Hello Pirmin,
I think the crux lies in the combination of init's dynamic reconfiguration with resource saturation. There are multiple culprits.
First, you need to consider that once assigned resources cannot be withdrawn without the consent of the subsystem. During the configuration, components can temporarily disappear, which temporary frees their resources. Now, when using the resource saturation mechanism, those temporarily freed slack resources would end up in this single subsystem. Whether or not you can eventually regain those resources (without killing/restarting the subsystem) depends on the behavior of the subsystem, which is presumably not what you want.
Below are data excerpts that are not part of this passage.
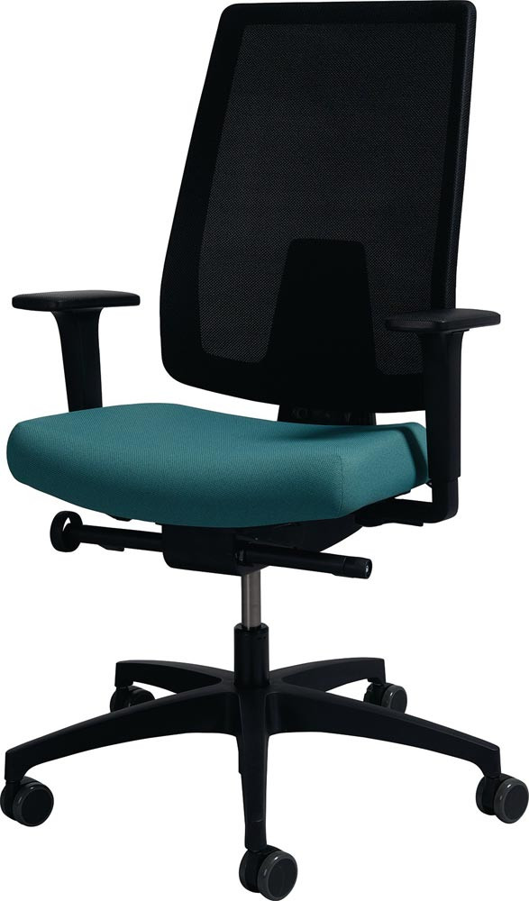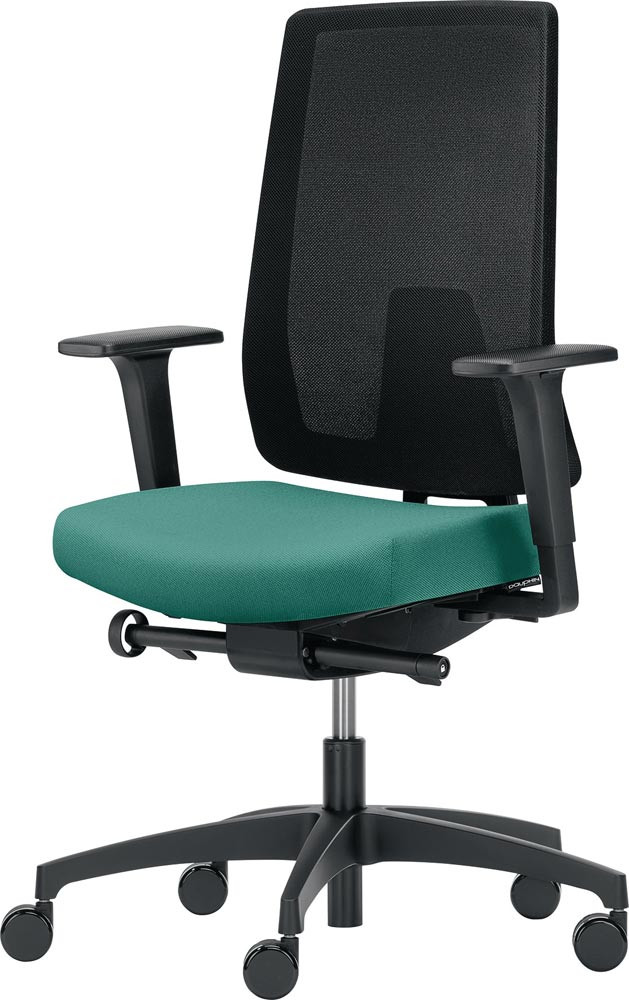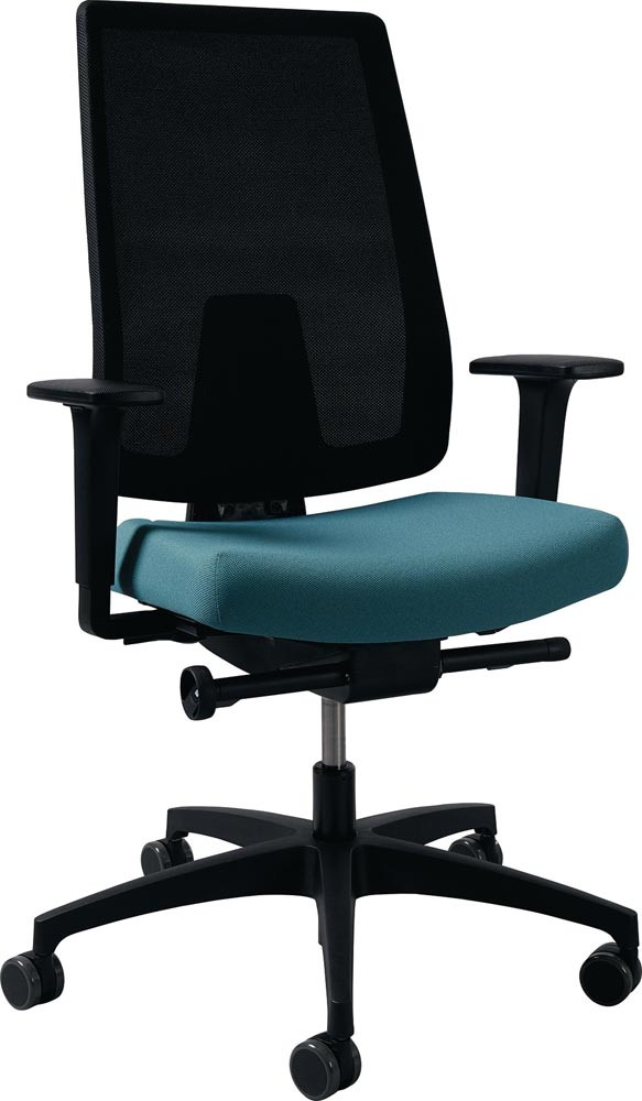 mit Synchrontechnik (mit Armlehnen) · für überwiegend sitzende Tätigkeiten · belastbar bis 150 kg Körpergewicht · stabiles Kunststofffußkreuz, schwarz · hohe höhenverstellbare atmungsaktive Netzrückenlehne schwarz, 100 % Polyester · Armlehnen höhen- und breitenverstellbar, mit PU-Auflage · seitliche Einstellung des Rückenlehnendrucks im Sitzen mittels Handrad · Sitzbezug 100 % Polyester · Sitzfläche B 470 x T 380-440 mm · Sitztiefenverstellung 80 mm mittels Schiebesitz · Lehnenhöhe 610-680 mm · Universalrollen für weiche und harte Böden
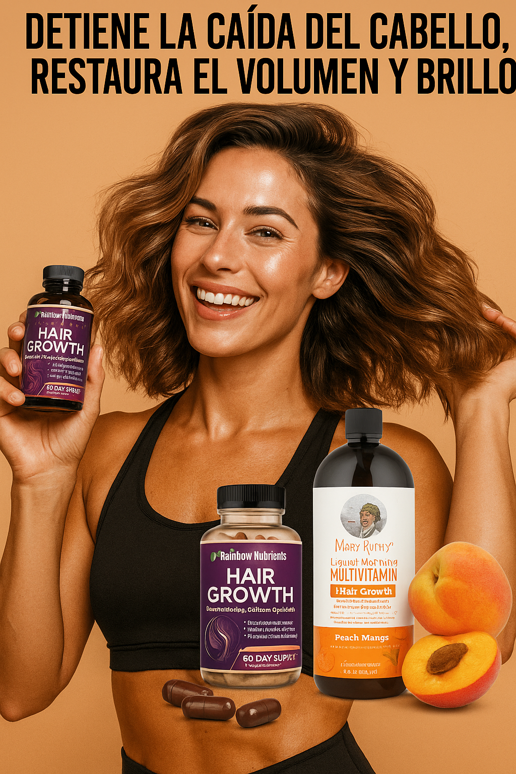 Presentación: Hair Growth 120 cápsulas (60 días de uso). y el Multivitamínico es liquido
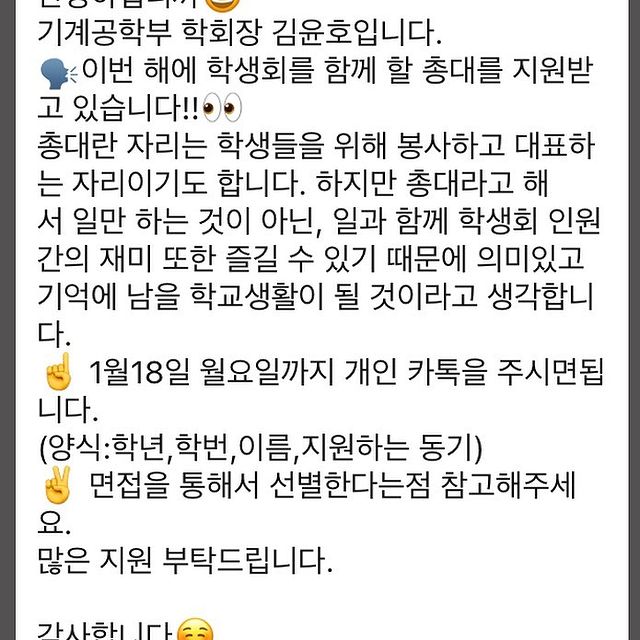 • 2025년 하계 글로벌 어학연수 프로그램 지원자 모집 0. 프로그램 목적: 우리대학 재학생의 국제화 역량 향상 (글로벌 역량강화 프로그램) 1. 신청기간: 2025.05.23.(금) ~ 05.30.(금) 2. 지원방법: 1) 이메일 접수(talery0218@tu.ac.kr) 2) 방문 신청 (동명대학교 국제교류처, 국제교류팀 / 21번 건물 101호) 3. 신청서류 1) 참가신청서 및 지원동기 1부 ** 지도교수 추천서는 필수 제출서류는 아님 2) 여권사본 (여권이 없는 학생은 반드시 여권 발급 신청 필요) 3) 재학증명서, 성적증명서 4. 연수안내 언어 국가 연수기관 연수기간 인원 영어 필리핀 세부 Cebu Institute of Technology – University (CITU) 2025.06.30 ~ 2025.07.25. (총 4주간) 16명 영어 필리핀 클락 System Plus College Foundation (SPCF) 2025.06.30. ~ 2025.07.25. (총 4주간) 20명 * 일정은 항공권 및 현지사정에 의하여 변경될 수 있음 * 연수특징 - 1:1 맞춤형 어학연수 프로그램 운영 (필리핀 어학연수의 최고 장점) - 레벨별 그룹 수업 진행 - 현지 문화탐방 프로그램 운영 등 5. 지원자격 1) 우리대학 재학생 중 어학연수에 관심있는 학생 누구나 (휴학생 및 졸업생 지원 불가) 2) 장학금 지급 규정에 위배되지 않으며, 학칙에 징계사실이 없는 학생 3) 여권발급 및 해외여행에 문제가 없는 학생 6. 연수비용 1) 교육비, 숙소비, 현지 문화체험비, 왕복항공비, 해외여행자보험비용 지원 (항공비의 경우 비용에 따라 개인부담 발생 가능) ** 개인용돈 및 현지체재비, 항공비 일부 본인부담 (SSP 비용 개인부담 - Special Study Permit, 기타 현지비용 개인부담) 7. 면접진행 1) 1차 서류전형 합격자에 한하여 진행 2) 일정: 2025.6.04.(수), 10:00 ~ (국제교류팀 21번 건물 1층 면접실) * 1차 서류전형 50%, 2차 면접전형 50% ※ 면접일정은 지원현황에 따라 변동 될 수 있음 (개별 공지예정) 8. 합격자 발표 : 2025.06.05.(목), 개별통보 및 홈페이지 공지 9. 문의처: 국제교류팀 (국제산학협력관 21번 건물, 1층 101호) Tel: 051 629 3023 / 3014 10. 기타: 영어를 못하는 학생들도 연수프로그램을 신청하시는데 전혀 문제가 없으므로, 평소에 외국어(영어)에 관심있는 학생들분의 많은 지원 부탁드립니다. VIEW DETAIL
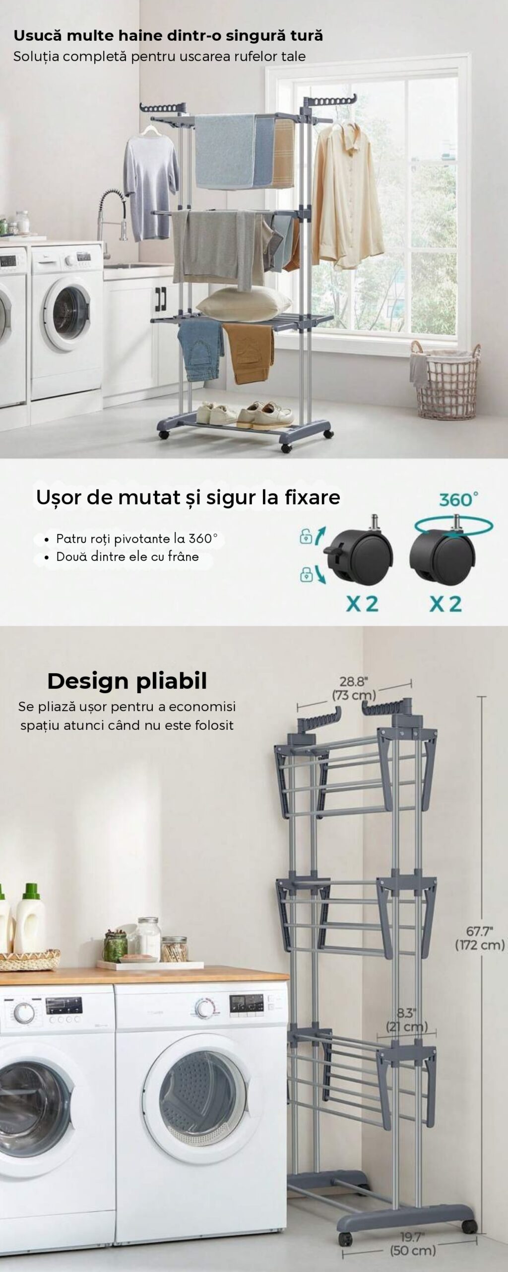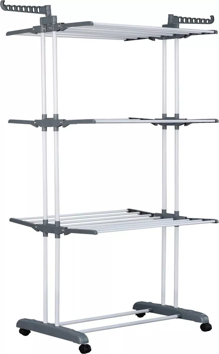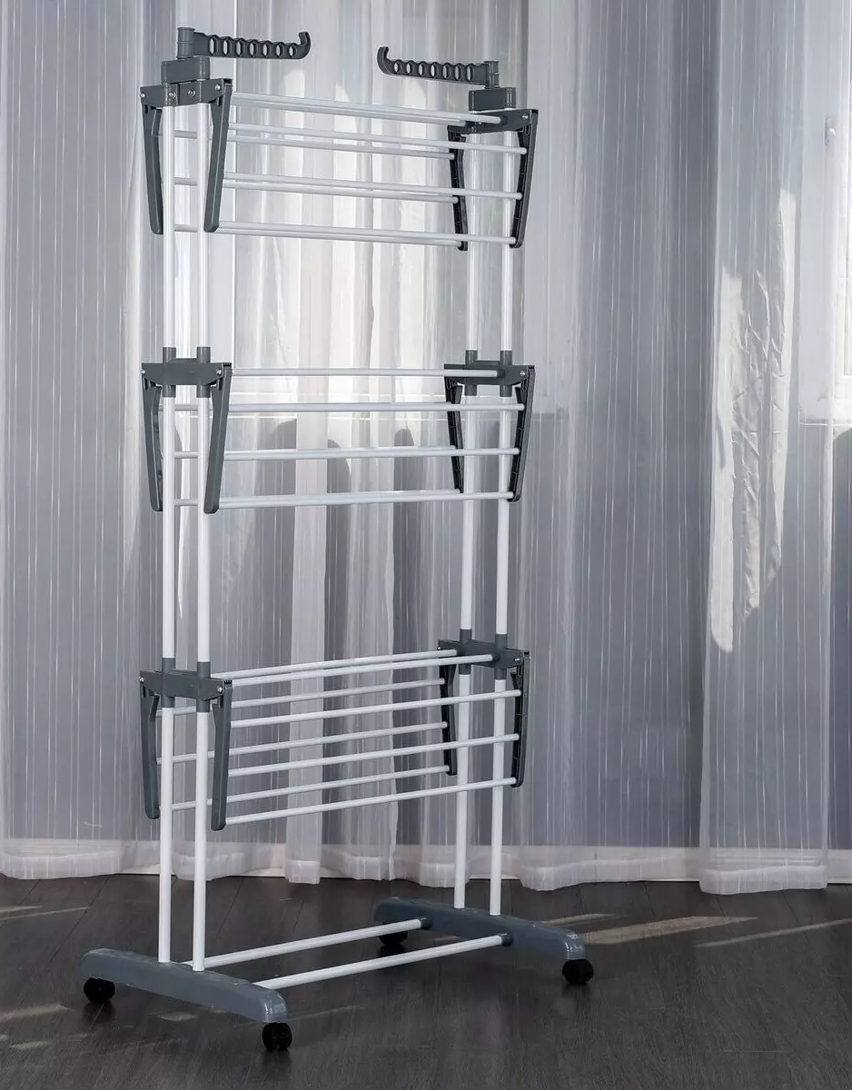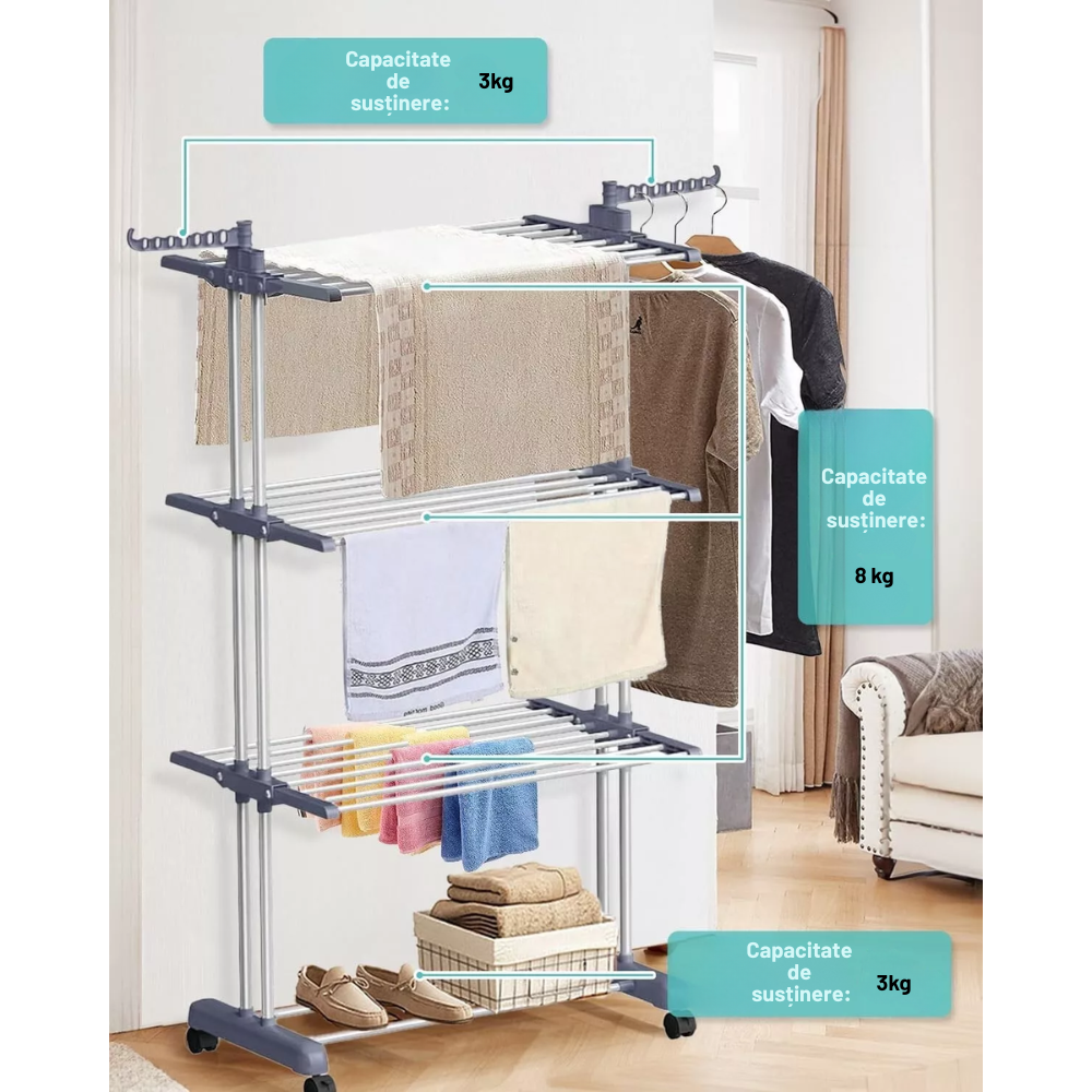 Supradimensionat pe 3 nivele – Dimensiuni: 172 cm inaltime × 50 cm latime × 76 cm lungime. Design cu 3 nivele si 2 carlige laterale pentru uscarea prosoapelor, sosetelor, hainelor, pantofilor, pilotelor etc. Dispune de 24 de stalpi si 14 carlige pe cele doua aripi laterale pentru uscari suplimentare. Poate sustine pana la 62 de articole – suficient pentru hainele intregii familii.
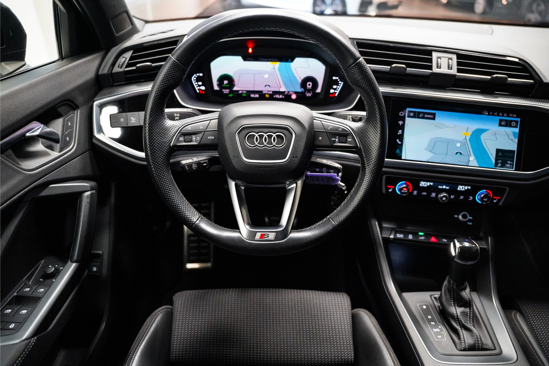Een fraaie Audi Q3 45e hybrid S-Line met zwart optiek en de fraaie 20 inch wielen! De Audi is afkomstig van de Audi dealer en dealeronderhouden.
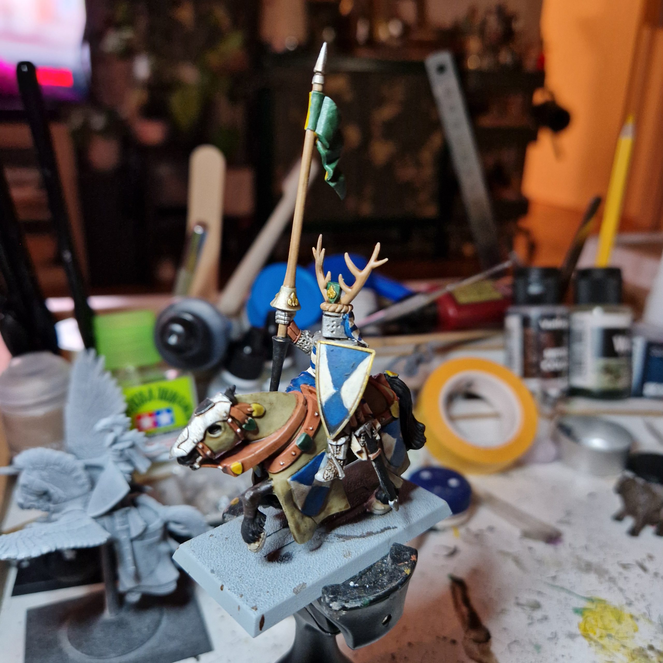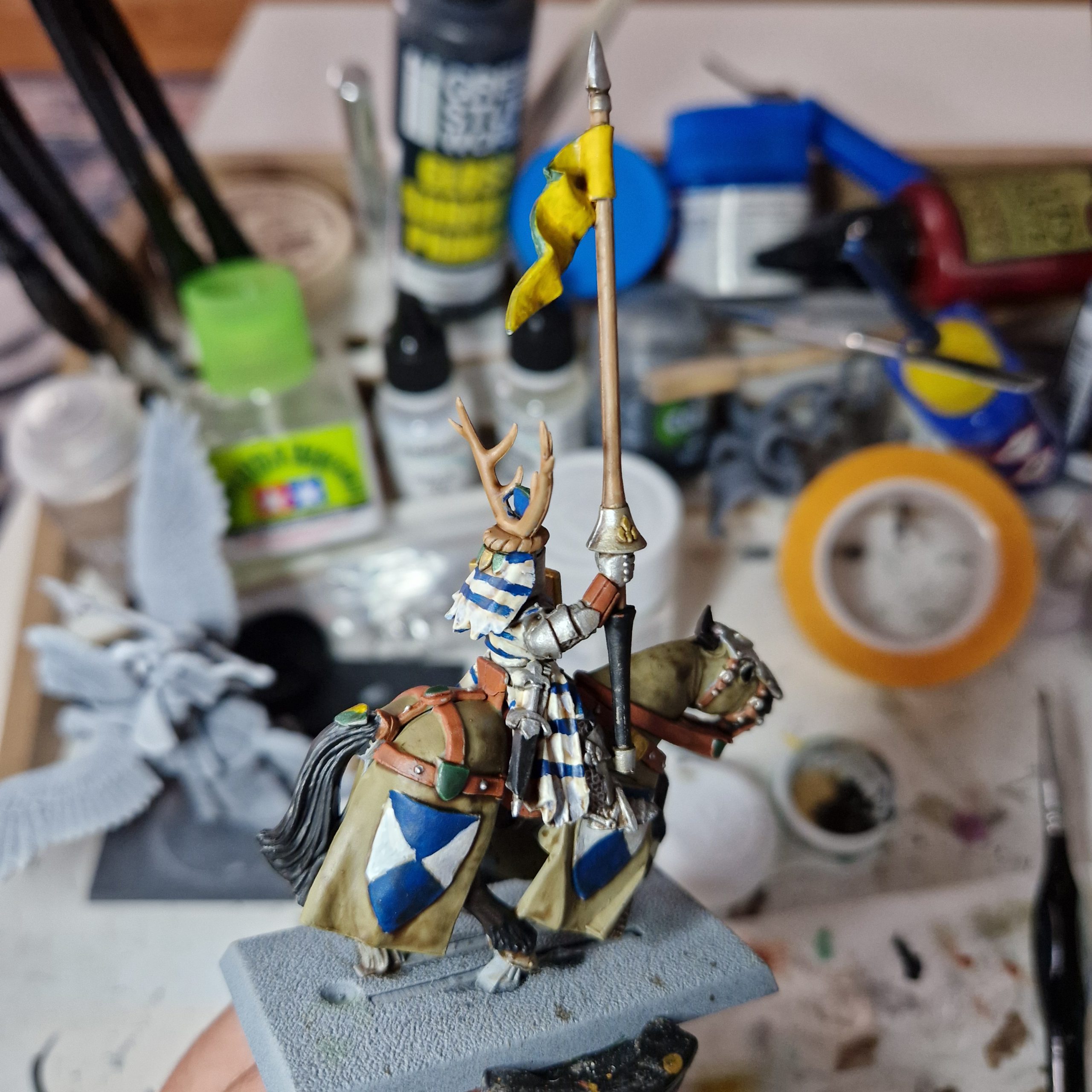 - Personal Touches and Shiny Bits: The pennant gets Baron colours (Army Painter Angel Green, Vallejo 72.006 Sun Yellow), scabbards and lance haft is black (Vallejo 70.950 Black) and I use Army Painter Mithril, Army Painter Bright Gold, and Army Painter True Brass for metallic parts.
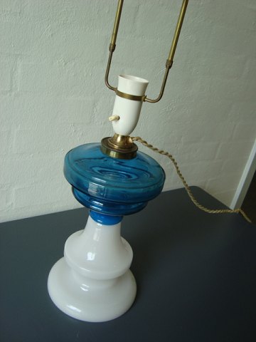 Fod af hvid opaline og petroleumsholder af transperent turkis glas.

Second, resource peaks can occur during the dynamic reconfiguration in the presence of chain reactions like in your case (the restart of the vfs implies the restart of its clients, transitively...). During the orderly destruction of inter-dependent components, init is required to keep parts of disappeared components around to maintain their resource accounting information until the chain reaction has settled. So it can happen that two instances of the same component exist as an intermediate state - the old one that just turned into some kind invisible zombi, and the freshly started one. If the resources are fully saturated, this usage peak cannot be accommodated.
As the bottom line, resource saturation should only be used for static init configurations.
Regarding your specific problem: Since you are consuming init's state reports already, couldn't you avoid the use of resource saturation by using the reported 'avail_ram' and 'avail_caps' to dynamically assign a sensible amount of resources to the runtime subsystem?